Vaccine antibody levels start to wane around 2 to 3 months.

"Total antibody levels appear to start declining from as early as six weeks after complete vaccination and can reduce by more than 50% over 10 weeks, according to new data from UCL's Virus Watch study."

"The findings, published as a research letter in The Lancet, include data from over 600 people and show antibody levels are substantially higher following two doses of the Pfizer vaccine than after two doses of the AZ vaccine. They are also much higher in those with prior SARS-CoV-2 infection.

The authors highlight that although the clinical implications of waning antibody levels are not yet clear, some decline was expected and current research shows that vaccines remain effective against severe disease.

For Pfizer, antibody levels reduced from a median of 7506 U/mL at 21–41 days, to 3320 U/mL at 70 or more days. For Astra Zeneca, antibody levels reduced from a median of 1201 U/mL at 0–20 days to 190 U/mL (67–644) at 70 or more days."

Quote from THHuxleynew

Those are all points worth considering.

That was an articulated answer. I understand your position and I am not asking you to change your mind. You believe in these vaccines, they have some merits, I respect that.

The more I read about the RNA vaccines the less I trust them. The RNA spreads into the whole body, including the brain and genital organs. It also gets encoded into your genome via reverse transcriptase. Not to mention all the well known AE like myocarditis and micro clots.

These vaccines should have been pulled out of the market long ago.

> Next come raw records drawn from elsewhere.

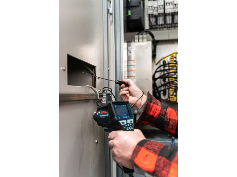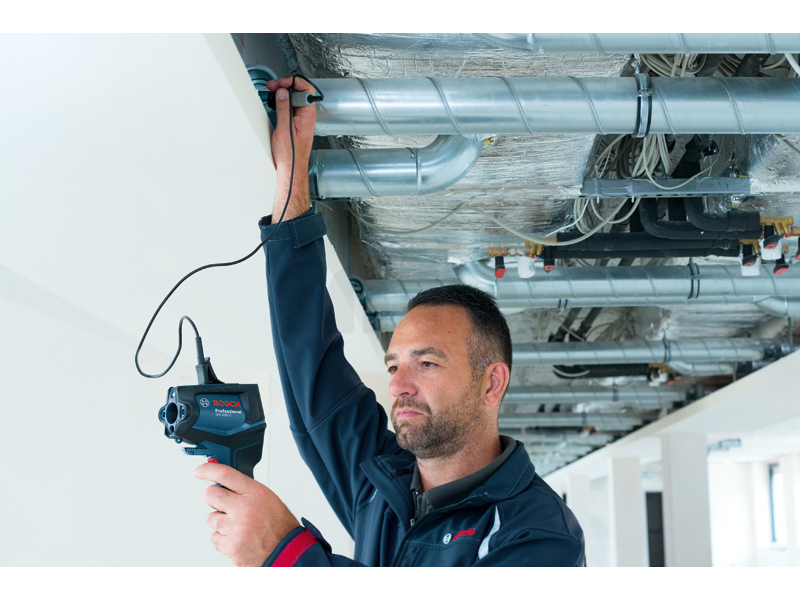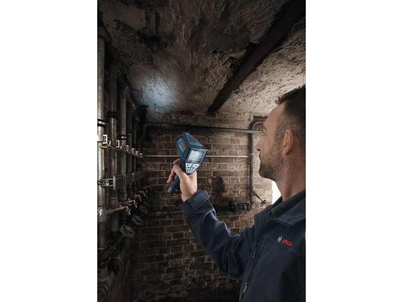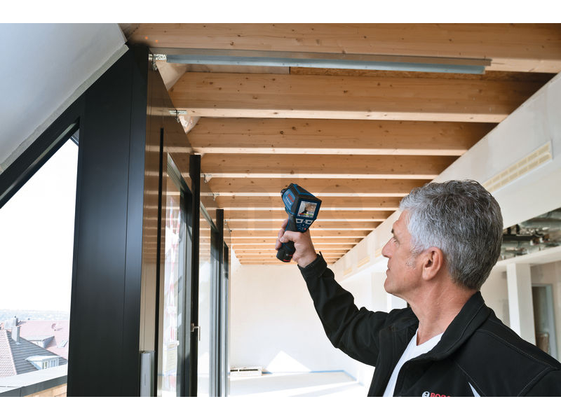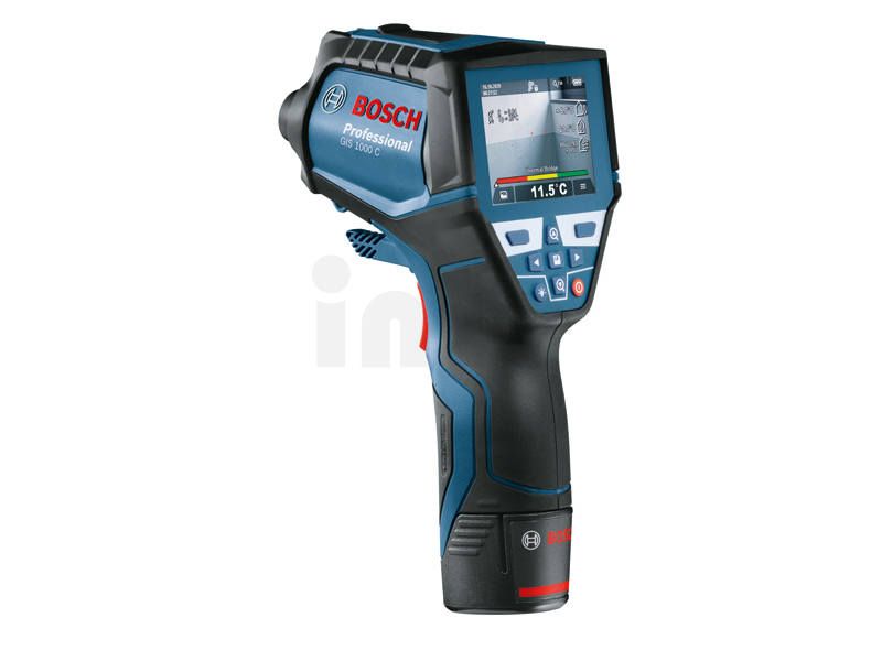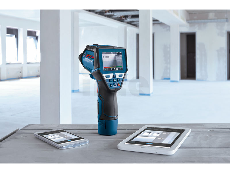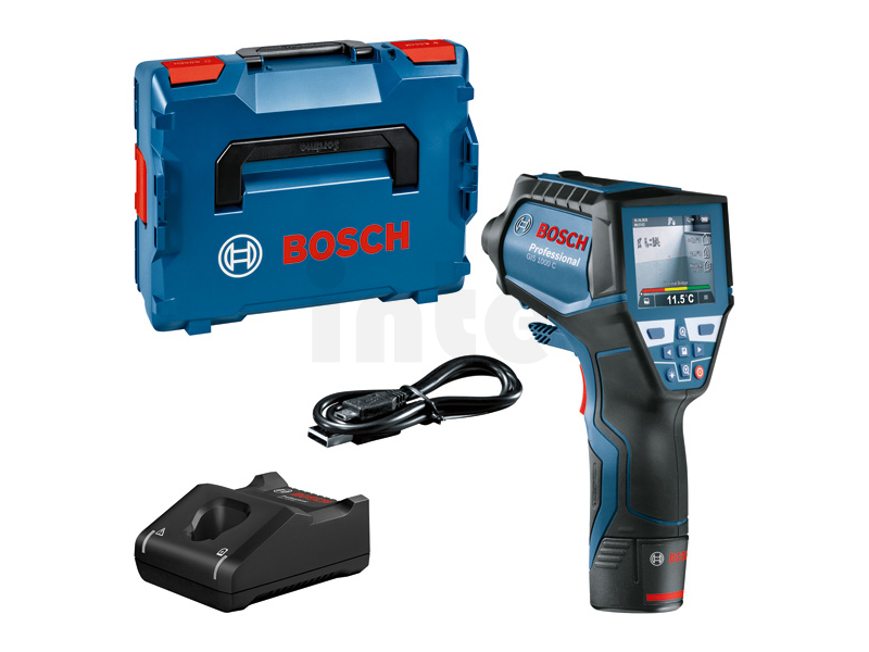 Termodetektor GIS 1000 C, Termodetektor GIS 1000 C Professional je hbité řešení na přesné měření a dokumentaci teplot a relativní vlhkosti. Přístroj během měření pomocí zabudované kamery pohodlně zaznamenává snímky pro okamžité znázornění příslušných hodnot. Aplikace Bosch ThermalOn připojená přes Bluetooth® zajišťuje rychlou dokumentaci podrobných dat a vzdálený přenos na jiná zařízení. Termodetektor zajišťuje záznam teploty a profesionálním uživatelům nabízí pět různých režimů pro komplexní povrchové a kontaktní měření teploty (s integrovanou funkcí K-typ), výpočet rosných bodů a tepelných mostů, a uživatelský režim pro nastavení vlastních hodnot. Profesionálové mohou termodetektor používat na celou řadu prací, od odhalování rizika výskytu plísní po kontrolu tepelných mostů i na přesné kontaktní měření odrazivých povrchů, kapalin a přímé teploty vzduchu. Kromě měření povrchových a kontaktních teplot čidlo termodetektoru GIS 1000 C Professional rychle sleduje okolní podmínky pro zajištění přesného měření pokojové teploty a relativní vlhkosti při ještě širší škále prací. Intuitivní uživatelské rozhraní umožňuje snadné ovládání a zajišťuje vysoce přesné výsledky s velkým rozsahem měření. GIS 1000 C Professional není vhodný pro lékařské účely. Rychlonabíječka GAL 12V-40 Professional (1 600 A01 9R3); L-BOXX 136 (1 600 A01 2G0); 1× akumulátor GBA 12V 2.0Ah (1 600 Z00 02X); Vložka na nářadí pro L-BOXX; Karta se stručným návodem; Kabel mikro USB (2 609 120 670)
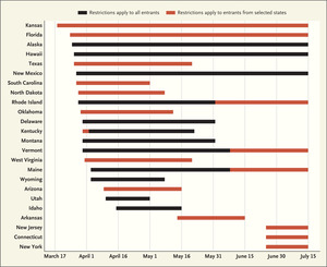 States with Orders Restricting Interstate Travel, March 17 through July 15, 2020.
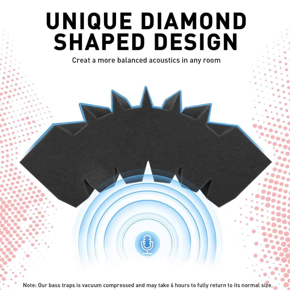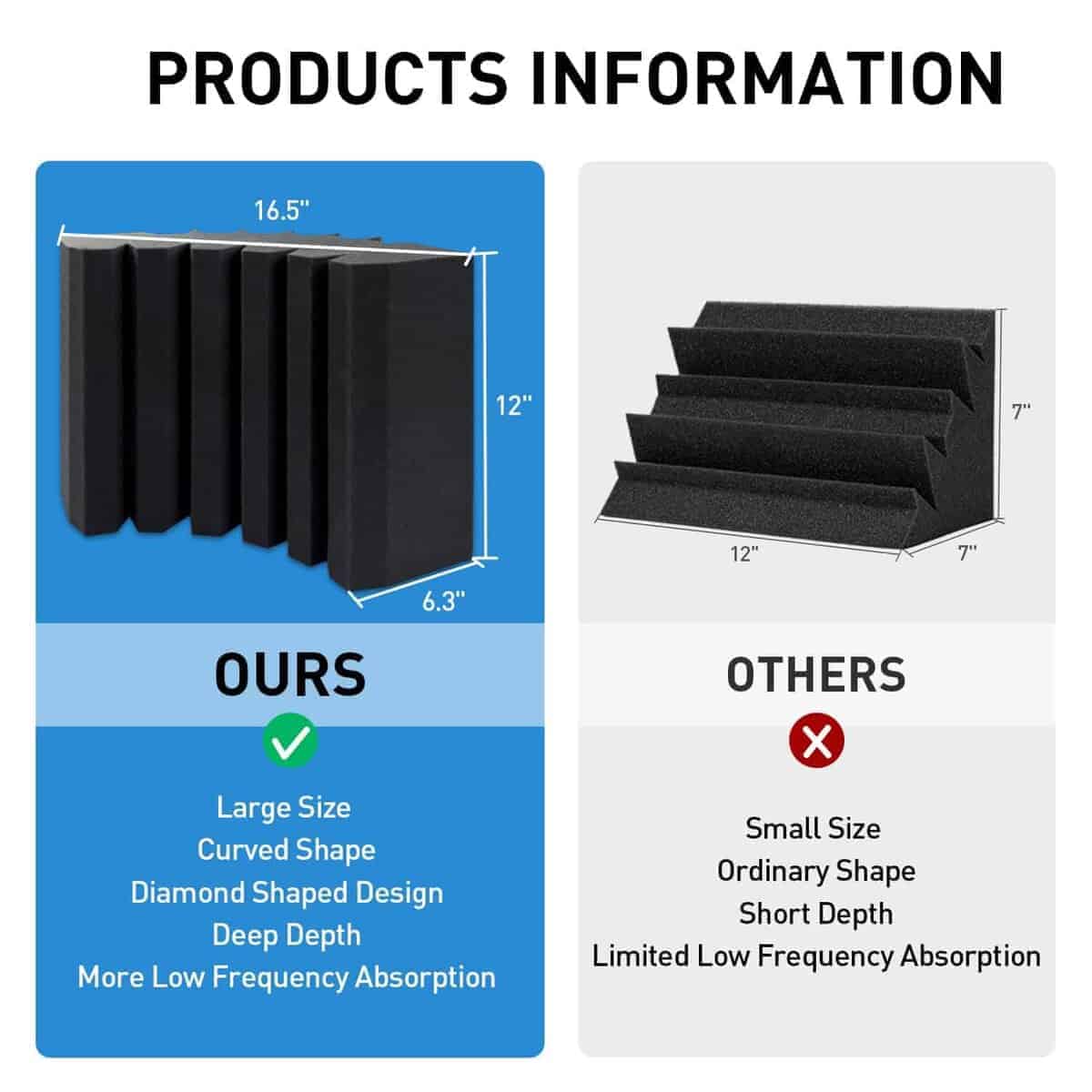 5. Fácil de Instalar: Las trampas de graves en esquina de 12″ X 7″ X 7″ instaladas en techos y esquinas de una habitación asegurarán el equilibrio de la forma de onda en la parte de baja frecuencia de la curva de respuesta de frecuencia. Se requieren seis piezas de cinta adhesiva para instalar cada cuña en sus paredes.
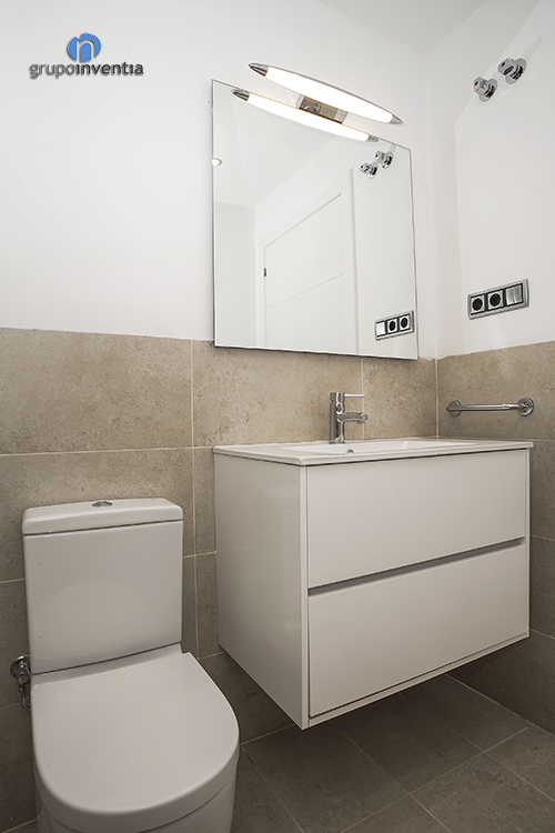 En la reforma de baños se utilizaron diseño en base a tonos neutros con el objetivo de conseguir estancias cálidas y agradables. En ambos casos, las paredes se alicataron a media altura con azulejos de color beige. En cuanto al equipamiento sanitario, ambos cuartos de baño cuentan con un lavabo con cajonera incorporada, un inodoro y una práctica ducha.
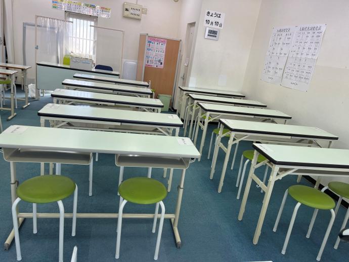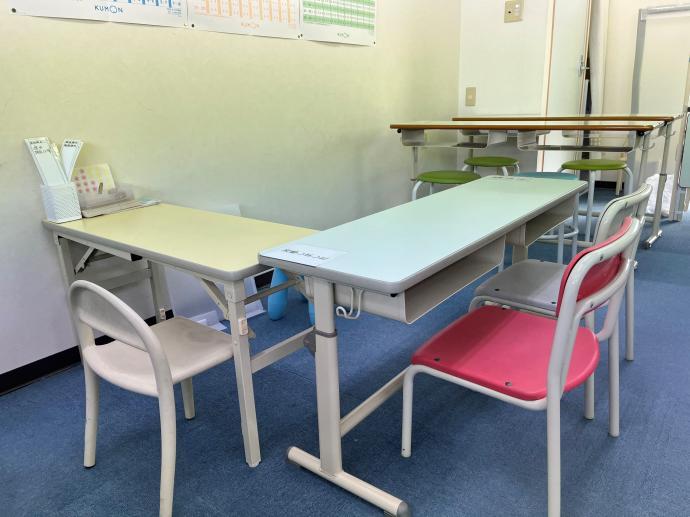 高さの調節できる机を完備。幼児さんでも楽しく学習できます。
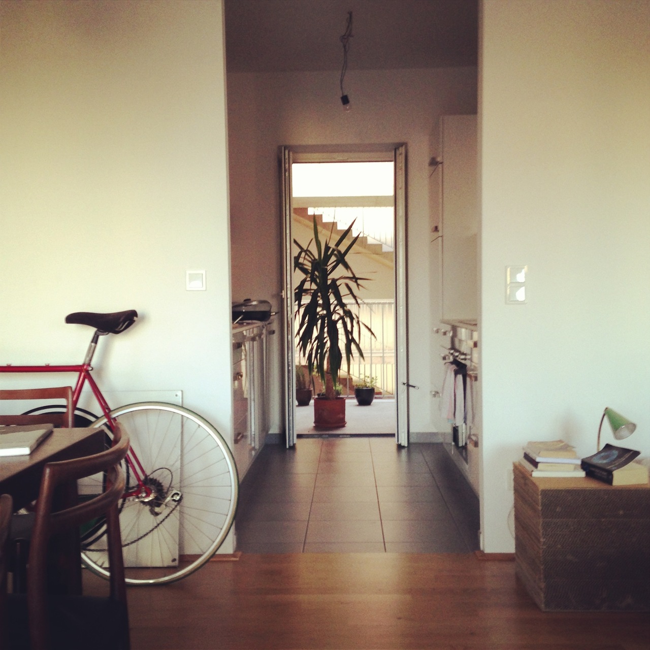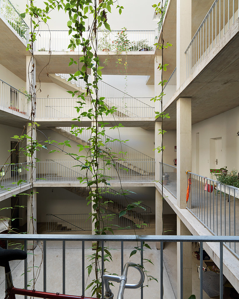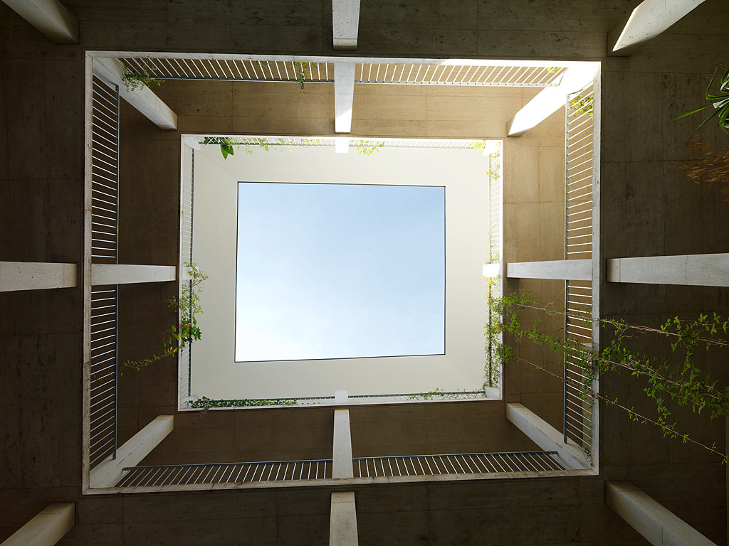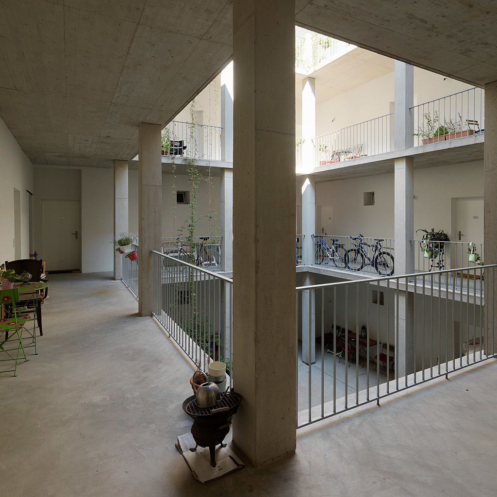 Pawlatschenartige Umgänge gab es auch im früheren Hofraum, jetzt sind sie aber mehr als Erschließung. Ihre Tiefe erlaubt es, sie als erweiterten Wohnraum und als Balkon zu nützen – ein Ort der Begegnung und Kommunikation unter einem offenen „Skyframe“, ausgeführt als etwas raue Stahlbetonkonstruktion mit einfachen verzinkten Geländern. Fensteröffnungen in diesen allgemeinen Aufenthaltsbereich hinein erlauben Querbelüftung und eine zusätzliche Belichtung der Wohnungen.

One point I must emphasize is corruption, here at the outset of the pandemic in France we had a respected doctor who pushed for HCQ + Zn + Azitromycine. The governement and the MSM threw everything they had at him. At the time Gilead wanted us to use Remdesivir. HCQ is extremely cheap, unlike Remdesivir. Then they banned HCQ, it became classified as "poisonous" overnight . Turned out Remdesivir was far too damaging to the body to continue using it.

We found out lots of experts and doctors that appeared on TV were in fact paid lots of money by Gilead.

Now as to the vaccines ( you will never find a definitive vaccine against a coronavirus, too many variants btw) ,they made a bet that the variants and the AE would be negligible, they are realizing that this is not going exactly as planned.

The whole thing is gonna blow up, at the moment in France lots of things are unraveling, we have nurses and doctors that are starting to speak up about the covid " delta wave". It is all a big sham, they cheat on the numbers, they lie about everything and use every manipulative trick to silence you. Now they just passed a law that lets choose between taking these experimental vaccines and losing your job. These people just do not care, just remember the 2008 financial crisis. Their lust for money knows no bound. Yes I know what I sound like but that is the reality.

Quote from Fm1

I predicted this 6 months ago, unfortunately I was about 3 weeks off on the UK and us rise. The UK will only see a decline over a short time while in the us the cases will level off in about 2 or 3 weeks. Around the middle of august the UK will begin seeing a sharp rise just like last year and the us will follow around the 1st of September. You might see hospitalized rise sharply to if the vaccines fail to stop infections. An early treatment during the viral stage is the only way to stop this. Unless of coarse you can immunize 6 billion people in the next month.

Well, I disagree - in the sense that due to high vaccination even when UK cases were very high, UK deaths remained very low.

You are thinking this change is seasonal. That is possible, of course, it is one of the factors. But it is not the only one so we shall see what happens. I'd predict - if I had to - everything could stay ok till schools return - so 1 week after 1 September we will maybe see problems. Not necessarily - it depends on:

vaccine rollout

how much has immunity decreased

have we started booster rollout

new more vaccine-evading variant?

All the evidence so far is that seasonal factors are a relatively small part of the overall equation.

Quote from Ull25

The more I read about the RNA vaccines the less I trust them. The RNA spreads into the whole body, including the brain and genital organs. It also gets encoded into your genome via reverse transcriptase. Not to mention all the well known AE like myocarditis and micro clots.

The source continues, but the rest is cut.